Opinião

Crítica: Oscar 2022

Particularmente, não gosto de escrever críticas de premiações. Em sua essência, premiações não saem de…

Particularmente, não gosto de escrever críticas de premiações. Em sua essência, premiações não saem de um molde engessado cujo padrão é apresentar categorias e entregar prêmios. Ponto. Ou seja: em sua essência, é naturalmente algo chato de ver.

Claro, uma premiação pode ter momentos mais criativos do que em outras edições e tudo isso vale muito de seus artistas envolvidos, e claro, da imprevisibilidade da televisão ao vivo. E são nessas escolhas que vou martelar e aproveitar para falar do Oscar deste ano. Porque? Por que ele merece.

Então vamos direto ao momento mais lembrado: Will Smith batendo na cara de Chris Rock ao vivo após uma piada que não gostou. A piada foi fora de tom e desnecessária? Sim. Mas Smith também é comediante e deveria saber lidar com piadas pesadas. E caso não gostasse (como se provou), que usasse seu tempo de palco, e influência como artista, para criticar pacificamente. Nada justifica agressão ao vivo em uma festa para celebrar o cinema, e com milhões de pessoas assistindo. Principalmente vindo de um ator que prega amor e proteger as pessoas – algo que ele ressaltou em seu discurso de vitória quando ganhou o prêmio de Melhor Ator por “King Richard”. Parabéns pela intenção de proteger a esposa com alopecia (doença que causa perda de cabelo e tema da piada de Rock), mas repito: sair do lugar e agredir publicamente na televisão outra pessoa não é o caminho. Diante de tudo que Smith prega, tal atitude é no mínimo hipocrisia. Defender alguém não, necessariamente, requer violência e ali, naquele momento, não era necessário. Podia até ter subido no palco e interrompido o discurso de Rock, mas bater? Não precisava!

Outra escolha equivocada e desrespeitosa foi a decisão de premiar oito categorias antes do início da festa, e mostrar a gravação durante a transmissão ao vivo. A intenção era diminuir a duração da festa e criar um show mais objetivo, mas isto não faz sentido quando você, ao mesmo tempo, chama três comediantes para apresentar e até coloca um número musical que sequer foi indicado ao prêmio de Melhor Canção. A essência do Oscar é homenagear os melhores profissionais da indústria do cinema, e quando você tira isso e seu plano inicial não dá certo, é no mínimo falta de respeito.

E que homenagens mal escritas ao longo da festa. Decidiram homenagear “O Poderoso Chefão” e colocaram Al Pacino, Robert De Niro e o diretor Francis Ford Coppola no palco! Algo maravilhoso e que faz sentido, mas ao fim, Pacino e De Niro não falam nem um oi? Duas lendas do cinema! Seria melhor ter colocado os dois atores para introduzir Coppola ao palco (muito mais oportuno).

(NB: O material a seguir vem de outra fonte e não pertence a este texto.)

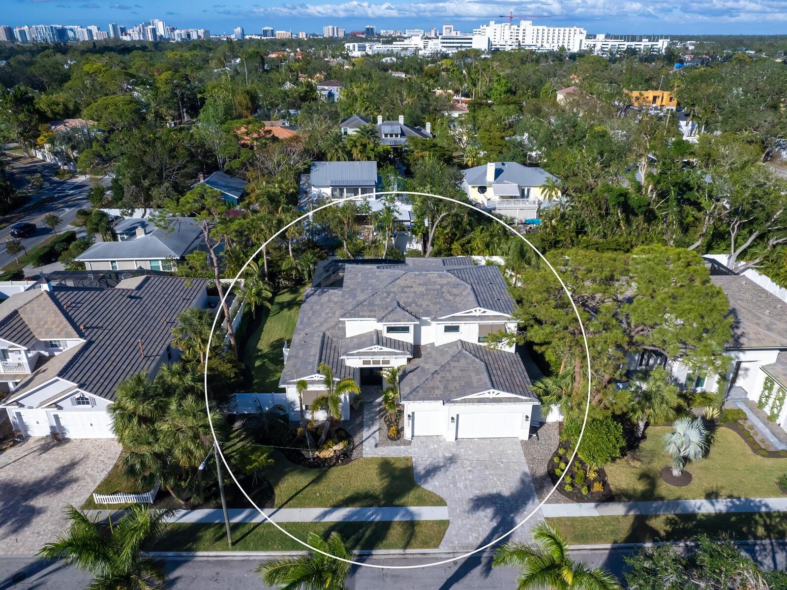 The "St. Michael" is Allegra Homes' award-winning 2025 model home, ideally situated just south of downtown Sarasota's cultural hub in the highly coveted West of Trail area, where residents truly appreciate the exceptional community they call home. Prepare to be captivated by the seamless fusion of modern design, artful nuances, and stylish sophistication. Every detail has been curated to create an inviting ambiance of gracious family living for years to come. This Coastal 4 bedroom, 4.5 bath luxury property spans 3,970 sq. ft. of open living offering unrivaled comfort and tranquility. Giving the home a feeling of expansiveness, the grand foyer opens to reveal the great room's 2-story wood-beamed ceiling highlighted by a gorgeous chandelier. Clerestory windows fill this room with natural light and 2 glass sliders frames the alluring outdoor living area, inviting the outside in. The entire back of the home is dedicated to the screen enclosed space offering a heated saltwater pool/spa, covered dining and lounging areas with large screen TV, and year-round kitchen with deluxe cooking amenities. While enjoying a glass of wine, the evening sky hosts unforgettable sunsets painted in vibrant hues of yellow, red and orange. This fascinating oasis is accessible through a wall of glass sliders from the bonus room offering a wet bar and pool bath. The backyard is fenced for privacy and safety, and the lush landscape has been professionally designed and executed to perfection. An elaborate island kitchen is specially-equipped with the best in luxury appliances and will satisfy every desire of your home chef. The aptly sized dining room with a built-in buffet and lovely pool view will become a favorite spot to savor time spent with family and friends. The primary suite with adjoining study is a true retreat from the ordinary with an amazing drop tray tongue-and-grove ceiling, relaxed sitting area, direct access to the pool, expansive walk-in closet, separate double vanities, and a tastefully tiled stall encompassing both a rainfall shower and glamorous soaking tub within its 8 ft. glass walls. The elegant staircase with floating steps and glass railing takes you to a second bonus room, 2 additional bedrooms and a bath. So many other great features are included like a 3-car garage, custom light fixtures and fan, hurricane impact Low-E windows and sliding doors, stone faced TV wall in great room flanked on both sides with beautifully lit glass shelves, separate A/C system for the owner's wing, optional elevator shaft or wine room, paver drive and walks, hidden pantry and irrigation system. For families with elementary age children, it's just a short walk or bike ride to top-ranked Southside School. Their exemplary academic achievements have garnered them as a National Blue Ribbon School. You'll love to explore nearby Southside Village, a stroll-around shopping district where you'll discover an eclectic blend of galleries, trendy boutiques, a popular gourmet market, and restaurants and taverns with sidewalk seating. This fresh and newly built residence is the outstanding creativity and vision of Sarasota's premier custom builder, Allegra Homes. 1827 Morris Street is truly a unique opportunity among Sarasota's new luxury home market and must be experienced in person to be fully appreciated.

E o que falar de três atletas que foram chamados para apresentar a homenagem dos 60 anos de 007? Será que Pierce Brosnan, Daniel Craig ou qualquer outro ator envolvido no legado do personagem não estava disponível? Bem, Javier Bardem foi o melhor vilão da franquia Bond e estava presente. Não faz sentido!

Daí chegamos ao desconfortável In Memorian, parte da festa onde se homenageia os profissionais do cinema que morreram no ano anterior. Esta parte é para prestigiar os falecidos, mas tiraram o foco totalmente deles para dar mais evidência à um coral animado demais e muito chamativo. Mas gostei das inserções de outros atores para falar de alguns artistas específicos.

Confesso que o trio de apresentadoras, ainda que continue considerando desnecessário três comediantes juntas para a função, foi de longe o menor dos problemas. Pelo contrário, Amy Schumer (uma comediante que não sou muito fã) foi responsável por algumas das melhores piadas da noite, e o mesmo para Wanda Sykes e Regina Hall toda assanhada. Teve seus momentos e não prejudicou.

Mas ao fim, temos mais um Oscar onde a sensação é uma celebração cheia de oportunidades perdidas. Perderam a chance de colocar três atores do Homem-Aranha no palco, em um ano onde “Homem-Aranha: Sem Volta Para Casa”, de fato, salvou os cinemas e é a maior bilheteria de 2021. Sem falar que ter novamente um encontro dos três astros no palco do Oscar seria inesquecível.

E tudo que vamos lembrar é do tapa do Will Smith. Um equívoco que tirou a ênfase de discursos emocionantes e fez a festa terminar com um gostinho azedo na boca. Algo que era para ser positivo, terminou desconfortável. A própria Amy Schumer fez piada com isso. Enfim, vida segue. Que venha 2023!